ShopRunner / baleen

Kotlin DSL for validating data (JSON, XML, CSV, Avro)
BSD 3-Clause "New" or "Revised" License
16 stars 5 forks source link

Support tests against entire datasets #217

Open kdallmeyer-sr opened 3 years ago

kdallmeyer-sr commented 3 years ago

A common data validation task is to compare summary statistics. For example, whether the expectation is that the average price of a product is near certain defined mean or in a defined std dev range. Likewise someone might want to compare averages across two attributes.

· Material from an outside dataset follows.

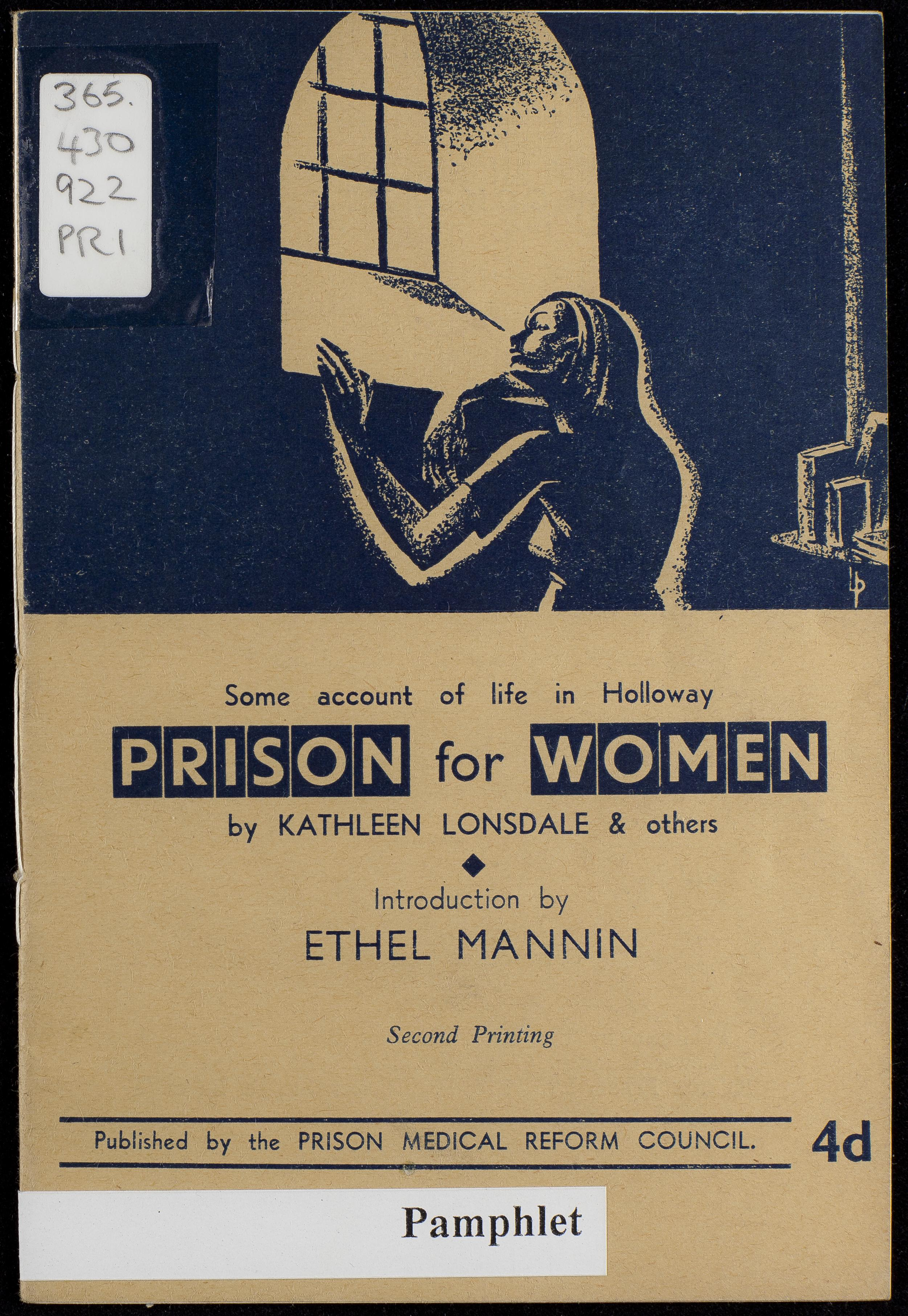 365.430922 PRI

Typically this would be done in SQL after the data is at rest. It would be great if Baleen supported both out-of-box statistical aggregations like sum,mean,variance, stddev, min, max, and count. Likewise, Baleen should support custom aggregations that can be done across large datasets.

"Product".describeAs {
    "sku".type(StringType())

    "price".type(FloatType(min = 0.0f))

    "salePrice".type(FloatType(min = 0.0f)).describe {
        // Add warning when sale discount > $5
        it.test { dataTrace, data -> 
            if (data["price"].toFloat() - data["salePrice"].toFloat() > 5f) {
                sequenceOf(ValidationWarning(dataTrace, "sale price is more than 5 dollar difference")) 
            } else {
                sequenceOf()
            }
    }

     // Test Mean is higher that 50.
     dataSetTest { dataTrace, dataSet ->
          if(dataSet["price"].mapNotNull { it.toFloatOrNull() }.average() > 50.0f) {
                sequenceOf(ValidationError(dataTrace, "Department ($department) is not a valid value.", value))
          } else {
               sequenceOf()
          }
     }

     // Test Difference between Sale Price and Price is on average less than $5. 
     // This is different than the attribute test since we expect it to happen sometimes but not too much.
     dataSetTest { dataTrace, dataSet ->
          if(dataSet.map { dataRow -> dataRow["price"].toFloat() - dataRow["salePrice"].toFloat() }.average() > 5.0f) {
                sequenceOf(ValidationError(dataTrace, "sale discount is on average higher than $5 ", value))
          } else {
               sequenceOf()
          }
     }
}

Additionally I think it would be interesting to provide a utility function that calculates summary statistics across the entire dataset. Something like

dataSetTest { dataTrace, dataSet ->
    val summary = dataSet.summary()
    summary.forEach { attrSummary ->
        println("""
         # Numeric Summaries when attribute is a numeric value
        Average: ${attrSummary.average}
        Std Dev: ${attrSummary.stdDev}
        Count: ${attrSummary.count}
        Sum: ${attrSummary.sum}
        Min: ${attrSummary.min}
        Max: ${attrSummary.max}

        # String Summaries when attribute is a string
        MinLength: ${attrSummary.minLength}
        MaxLength: ${attrSummary.maxLength}
        AvgLength: ${attrSummary.avgLength}
        CountDistinct: ${attrSummary.countDistinct}

        # Occurence Summaries when attribute is an occurence
        MinLength: ${attrSummary.minLength}
        MaxLength: ${attrSummary.maxLength}
        AvgLength: ${attrSummary.avgLength}
        """.trimIndent())
    }
}
kdallmeyer-sr commented 3 years ago

An idea to solve this:

Collect these tests in it's own sequence or list that are returned to the topmost data description. Then if present, as it reads each data element it creates an internal map of datatrace to summary statistic for that value. For simplicity the summary map would be one giant flat one. Then apply the dataset tests to the summary map at the end.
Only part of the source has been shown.